What is needed: Could you return every line of the records below that contains the word "following"?

Source records:
+---+

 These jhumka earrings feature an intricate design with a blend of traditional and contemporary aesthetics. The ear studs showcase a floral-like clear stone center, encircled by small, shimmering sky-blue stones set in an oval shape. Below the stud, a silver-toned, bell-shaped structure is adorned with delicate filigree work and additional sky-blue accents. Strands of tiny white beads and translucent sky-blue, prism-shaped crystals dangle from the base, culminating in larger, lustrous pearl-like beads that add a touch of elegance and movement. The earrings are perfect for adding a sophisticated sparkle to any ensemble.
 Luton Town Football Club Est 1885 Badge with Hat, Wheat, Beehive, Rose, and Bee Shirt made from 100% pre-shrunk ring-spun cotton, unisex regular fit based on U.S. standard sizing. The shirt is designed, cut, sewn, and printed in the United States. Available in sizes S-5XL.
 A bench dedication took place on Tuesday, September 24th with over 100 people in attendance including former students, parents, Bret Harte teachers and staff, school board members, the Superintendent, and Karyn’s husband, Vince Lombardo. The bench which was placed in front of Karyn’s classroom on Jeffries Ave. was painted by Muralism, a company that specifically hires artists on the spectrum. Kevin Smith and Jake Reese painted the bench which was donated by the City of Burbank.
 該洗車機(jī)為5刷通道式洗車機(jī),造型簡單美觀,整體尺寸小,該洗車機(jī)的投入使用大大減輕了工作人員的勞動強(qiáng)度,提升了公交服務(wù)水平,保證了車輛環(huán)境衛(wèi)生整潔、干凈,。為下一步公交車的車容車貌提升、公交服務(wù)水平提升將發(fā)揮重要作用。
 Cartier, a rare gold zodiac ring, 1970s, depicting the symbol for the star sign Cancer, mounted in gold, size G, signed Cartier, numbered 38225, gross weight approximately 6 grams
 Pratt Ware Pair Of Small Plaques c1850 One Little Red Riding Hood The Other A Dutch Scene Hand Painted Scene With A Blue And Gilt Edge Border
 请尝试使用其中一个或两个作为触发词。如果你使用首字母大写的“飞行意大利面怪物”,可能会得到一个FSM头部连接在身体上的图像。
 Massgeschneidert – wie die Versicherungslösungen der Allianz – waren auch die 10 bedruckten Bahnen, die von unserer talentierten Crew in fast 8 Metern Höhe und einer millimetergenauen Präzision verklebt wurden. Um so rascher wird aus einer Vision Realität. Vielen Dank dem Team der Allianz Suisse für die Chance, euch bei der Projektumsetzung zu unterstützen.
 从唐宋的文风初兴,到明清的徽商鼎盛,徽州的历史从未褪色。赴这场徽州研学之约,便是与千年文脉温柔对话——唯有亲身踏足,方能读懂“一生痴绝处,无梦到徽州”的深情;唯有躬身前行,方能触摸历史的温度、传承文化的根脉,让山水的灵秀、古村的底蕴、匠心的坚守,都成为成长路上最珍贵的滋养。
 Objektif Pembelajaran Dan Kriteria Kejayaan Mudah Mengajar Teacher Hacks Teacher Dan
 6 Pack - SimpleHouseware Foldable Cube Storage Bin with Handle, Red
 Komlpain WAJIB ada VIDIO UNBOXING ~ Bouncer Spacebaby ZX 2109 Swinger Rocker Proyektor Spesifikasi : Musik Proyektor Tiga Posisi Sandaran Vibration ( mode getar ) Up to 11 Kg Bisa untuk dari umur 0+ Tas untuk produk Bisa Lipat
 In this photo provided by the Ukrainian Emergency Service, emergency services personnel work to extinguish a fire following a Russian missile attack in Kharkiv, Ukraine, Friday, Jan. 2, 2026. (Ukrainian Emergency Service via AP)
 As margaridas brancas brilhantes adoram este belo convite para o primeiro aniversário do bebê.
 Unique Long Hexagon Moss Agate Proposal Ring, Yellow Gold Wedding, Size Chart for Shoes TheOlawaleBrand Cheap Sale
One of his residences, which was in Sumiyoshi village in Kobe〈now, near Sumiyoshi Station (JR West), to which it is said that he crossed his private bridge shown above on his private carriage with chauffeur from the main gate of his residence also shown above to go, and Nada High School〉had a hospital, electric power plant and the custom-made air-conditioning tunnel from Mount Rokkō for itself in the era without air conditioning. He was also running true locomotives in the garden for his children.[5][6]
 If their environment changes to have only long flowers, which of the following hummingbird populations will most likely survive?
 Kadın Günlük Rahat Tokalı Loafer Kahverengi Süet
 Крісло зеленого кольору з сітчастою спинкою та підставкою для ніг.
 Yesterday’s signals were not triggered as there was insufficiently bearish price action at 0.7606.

+---+

Solution for this task:
 In this photo provided by the Ukrainian Emergency Service, emergency services personnel work to extinguish a fire following a Russian missile attack in Kharkiv, Ukraine, Friday, Jan. 2, 2026. (Ukrainian Emergency Service via AP)
 If their environment changes to have only long flowers, which of the following hummingbird populations will most likely survive?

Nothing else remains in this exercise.